Biosphere Medical Inc. has tentatively settled a lawsuit alleging the Rockland, Mass., company may have been responsible when a youth in Missouri was permanently injured while doctors used a BioSphere device.
All of the parties involved in the 4-year-old case agreed to keep specific terms of the Sept. 15 settlement confidential. Because the plaintiff, Brett Pingel, is a minor, the settlement still requires approval by a Missouri state district court judge. That decision is expected within 60 days, the company said.

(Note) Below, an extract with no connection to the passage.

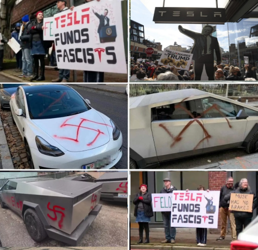 然後是全國各地爆發反馬斯克示威,隨後演變成大量特斯拉當街被噴漆和砸車事件,人羣舉着“馬斯克是納粹”“燒燬特斯拉”的標語抵制“馬貨”,在路上隨機打砸看到的任何特斯拉汽車。

Neither BioSphere nor doctors at St. Louis University Hospital admitted liability and the monetary payment by BioSphere was paid by the company’s product-liability insurer. Attorneys for Pingel reached a similar settlement in late July with Tenant HealthSystem, the parent company of St. Louis University Hospital, with the court approving that deal on Aug. 20.
The lawsuit sought compensatory and punitive damages when Pingel was blinded in both eyes while surgeons used Biosphere’s EmboGold Microspheres during a procedure to treat a benign tumor at the top of the youth’s pharynx. The tumor, known as a juvenile nasal angiofibroma, often causes frequent bleeding which BioSphere polymer beads are designed to reduce prior to surgery.
A trial in the case had been scheduled to begin Oct. 19 before Judge Philip Heagney in St. Louis.